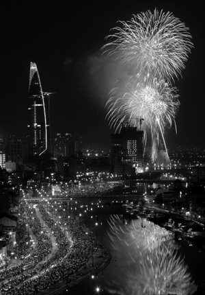 Phóng viên chụp ảnh bắn pháo hoa đêm giao thừa thì trước giao thừa hai tuần đã phải suy nghĩ, quan sát, tìm tòi những điểm cao trong thành phố, thảo luận với đồng nghiệp... để có những điểm chụp đẹp nhưng không trùng lặp với những năm trước. Rồi việc viết công văn, liên hệ để đảm bảo chỗ chụp 15 phút pháo hoa cũng không kém phần nhiêu khê. Trước "giờ G" 1 - 2 tiếng, PV đã lỉnh kỉnh máy móc, chân máy tập trung tại điểm đã định. Nhưng đôi khi "không hẹn mà gặp", có đến mười mấy ông phóng viên ảnh cùng tập trung trên sân thượng của một tòa nhà. Dàn máy được sắp ra, ống ngắn, ống dài nom như dàn súng phòng không bảo vệ trời đêm thành phố. Sau khi thử máy, thảo luận rôm rả về điểm bắn, góc độ... thế nào cũng có một khoảng lặng. Đó là lúc các "pháo thủ", trong không khí se lạnh và lộng gió, ngắm nhìn thành phố rực rỡ ánh đèn trong đêm ba mươi, chợt nhớ những người thân đang quây quần bên bữa cơm đón giao thừa. Khi tiếng pháo hoa rền vỡ bầu trời, các PV vội vã lao vào công việc. Ai cũng mong muốn có được những bức ảnh tốt nhất, đẹp nhất trong những phút đầu tiên của năm mới. Khi đợt pháo hoa cuối cùng kết thúc, mọi người nhanh chóng thu gọn máy móc, vội vã chúc Tết, giã biệt nhau rồi mỗi người mỗi ngả, nhanh chóng tìm điểm thuận lợi gửi ảnh về cơ quan, tòa soạn.
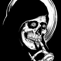 the Grim Reaper or the personification of death. The skull has its eyes closed in a pose that could be interpreted as if it were speaking or singing. This figure is set against a stark
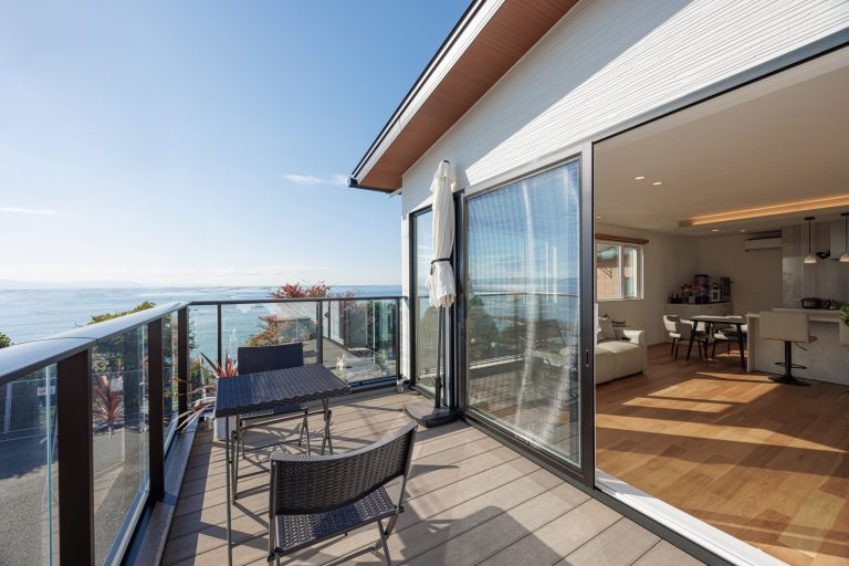 海を一望する絶好の立地に建つのは、リゾート感漂うモダンな住まいです。大きな窓とバルコニーからは、海風を感じながら移りゆく景色を楽しめます。室内にも開放感を持たせ、リビングからの眺望も抜群です。バルコニーへとつながる大きなガラス窓が、外との一体感を生み、自然と調和した心地よい空間を演出しています。海辺の暮らしを満喫できる、理想的な住まいです。
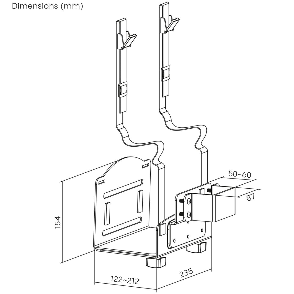 Uchwyt oferuje regulację głębokości w zakresie 122–212 mm, dzięki czemu bez problemu dopasujesz go do różnych modeli obudów typu tower. Solidna stalowa konstrukcja zapewnia nośność do 10 kg, a dwa regulowane pasy z klamrami zatrzaskowymi stabilizują komputer w uchwycie, zapobiegając jego przechylaniu się i przemieszczaniu – nawet podczas wibracji lub przypadkowych uderzeń.
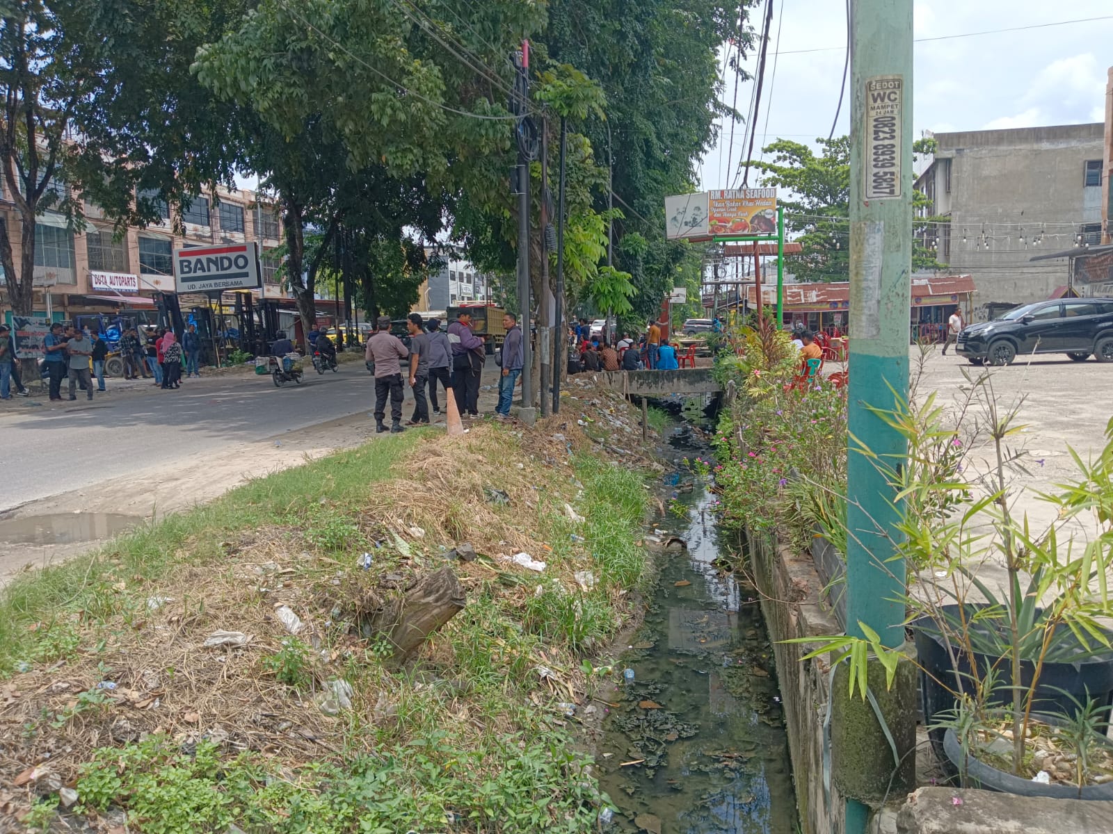 Masih banyak polisi yang berjaga serta ada juga dari dua kubu Ormas berada di lokasi kejadian pasca aksi bentrok yang terjadi tadi. Arus lalu lintas, sudah dapat dilalui pengendara pasca aksi bentrokan yang terjadi tadi. Sebelumnya tidak bisa juga melintasi.
○ ○ ○ ○
For this exercise, transcribe the data exactly but without its pictures.

 Phóng viên chụp ảnh bắn pháo hoa đêm giao thừa thì trước giao thừa hai tuần đã phải suy nghĩ, quan sát, tìm tòi những điểm cao trong thành phố, thảo luận với đồng nghiệp... để có những điểm chụp đẹp nhưng không trùng lặp với những năm trước. Rồi việc viết công văn, liên hệ để đảm bảo chỗ chụp 15 phút pháo hoa cũng không kém phần nhiêu khê. Trước "giờ G" 1 - 2 tiếng, PV đã lỉnh kỉnh máy móc, chân máy tập trung tại điểm đã định. Nhưng đôi khi "không hẹn mà gặp", có đến mười mấy ông phóng viên ảnh cùng tập trung trên sân thượng của một tòa nhà. Dàn máy được sắp ra, ống ngắn, ống dài nom như dàn súng phòng không bảo vệ trời đêm thành phố. Sau khi thử máy, thảo luận rôm rả về điểm bắn, góc độ... thế nào cũng có một khoảng lặng. Đó là lúc các "pháo thủ", trong không khí se lạnh và lộng gió, ngắm nhìn thành phố rực rỡ ánh đèn trong đêm ba mươi, chợt nhớ những người thân đang quây quần bên bữa cơm đón giao thừa. Khi tiếng pháo hoa rền vỡ bầu trời, các PV vội vã lao vào công việc. Ai cũng mong muốn có được những bức ảnh tốt nhất, đẹp nhất trong những phút đầu tiên của năm mới. Khi đợt pháo hoa cuối cùng kết thúc, mọi người nhanh chóng thu gọn máy móc, vội vã chúc Tết, giã biệt nhau rồi mỗi người mỗi ngả, nhanh chóng tìm điểm thuận lợi gửi ảnh về cơ quan, tòa soạn.
 the Grim Reaper or the personification of death. The skull has its eyes closed in a pose that could be interpreted as if it were speaking or singing. This figure is set against a stark
 海を一望する絶好の立地に建つのは、リゾート感漂うモダンな住まいです。大きな窓とバルコニーからは、海風を感じながら移りゆく景色を楽しめます。室内にも開放感を持たせ、リビングからの眺望も抜群です。バルコニーへとつながる大きなガラス窓が、外との一体感を生み、自然と調和した心地よい空間を演出しています。海辺の暮らしを満喫できる、理想的な住まいです。
 Uchwyt oferuje regulację głębokości w zakresie 122–212 mm, dzięki czemu bez problemu dopasujesz go do różnych modeli obudów typu tower. Solidna stalowa konstrukcja zapewnia nośność do 10 kg, a dwa regulowane pasy z klamrami zatrzaskowymi stabilizują komputer w uchwycie, zapobiegając jego przechylaniu się i przemieszczaniu – nawet podczas wibracji lub przypadkowych uderzeń.
 Masih banyak polisi yang berjaga serta ada juga dari dua kubu Ormas berada di lokasi kejadian pasca aksi bentrok yang terjadi tadi. Arus lalu lintas, sudah dapat dilalui pengendara pasca aksi bentrokan yang terjadi tadi. Sebelumnya tidak bisa juga melintasi.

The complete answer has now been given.